Required work
With the pictures omitted, print exactly the lines below, from the one containing "Etude académique d'homme, mine" through the one containing "红色幕布拉开,一位位身穿着红军服的青年员工们,正重现着红军伟大长征路。", and nothing else.

Records for the task
++++++++++
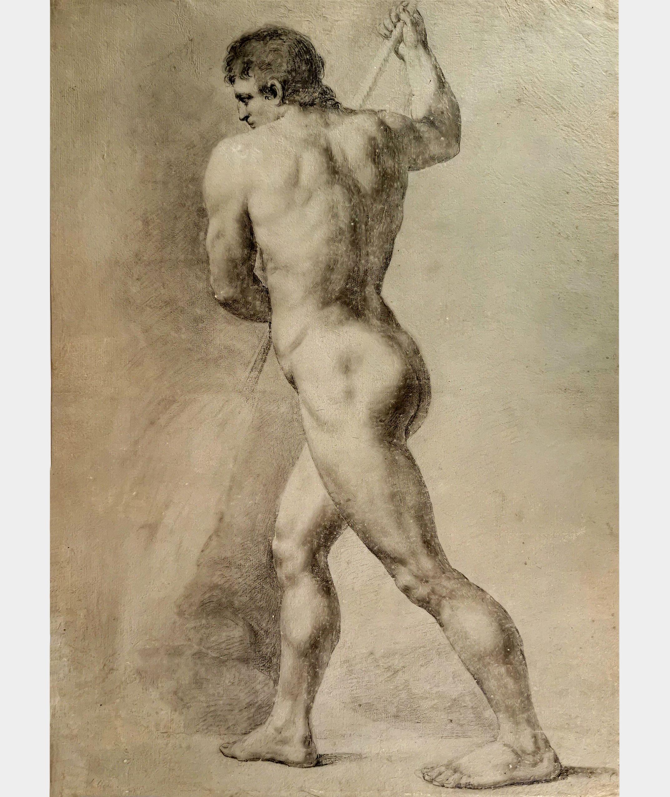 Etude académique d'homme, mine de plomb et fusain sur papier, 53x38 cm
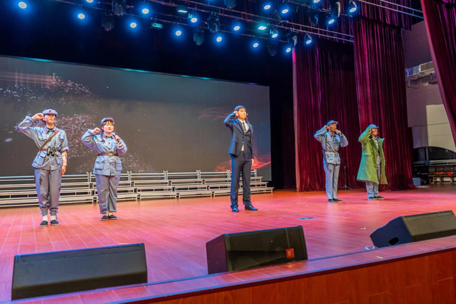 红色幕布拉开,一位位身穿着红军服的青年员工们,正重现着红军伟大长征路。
++++++++++
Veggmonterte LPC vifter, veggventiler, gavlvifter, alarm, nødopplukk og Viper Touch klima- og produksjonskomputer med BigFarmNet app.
++++++++++
Task response
 Etude académique d'homme, mine de plomb et fusain sur papier, 53x38 cm
 红色幕布拉开,一位位身穿着红军服的青年员工们,正重现着红军伟大长征路。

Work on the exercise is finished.